(Exercise objective) Given the listing below, write out exactly the lines starting with the line that has "2013年7月21日土曜日。" and going on through the line that has "Duty-free stores |", both kept.

(Available data)
────────────────────
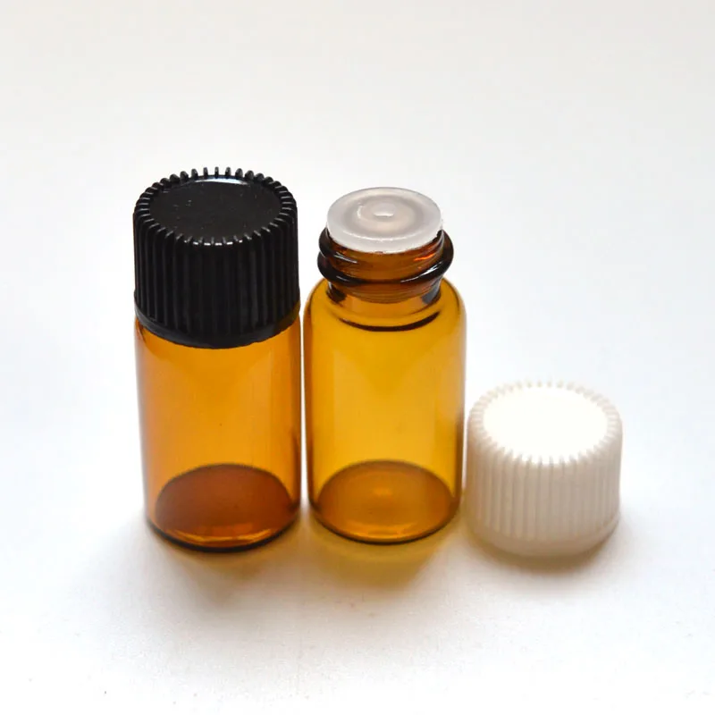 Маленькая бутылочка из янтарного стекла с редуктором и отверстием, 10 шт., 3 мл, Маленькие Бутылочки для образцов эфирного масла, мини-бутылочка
────────────────────
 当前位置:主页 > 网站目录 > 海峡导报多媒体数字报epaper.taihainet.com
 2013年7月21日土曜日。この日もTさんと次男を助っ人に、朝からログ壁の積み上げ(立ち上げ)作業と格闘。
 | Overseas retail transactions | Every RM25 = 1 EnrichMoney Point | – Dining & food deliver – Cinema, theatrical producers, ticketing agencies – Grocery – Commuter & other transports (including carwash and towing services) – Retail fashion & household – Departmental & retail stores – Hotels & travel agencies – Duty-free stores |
────────────────────
(Exercise response)
 2013年7月21日土曜日。この日もTさんと次男を助っ人に、朝からログ壁の積み上げ(立ち上げ)作業と格闘。
 | Overseas retail transactions | Every RM25 = 1 EnrichMoney Point | – Dining & food deliver – Cinema, theatrical producers, ticketing agencies – Grocery – Commuter & other transports (including carwash and towing services) – Retail fashion & household – Departmental & retail stores – Hotels & travel agencies – Duty-free stores |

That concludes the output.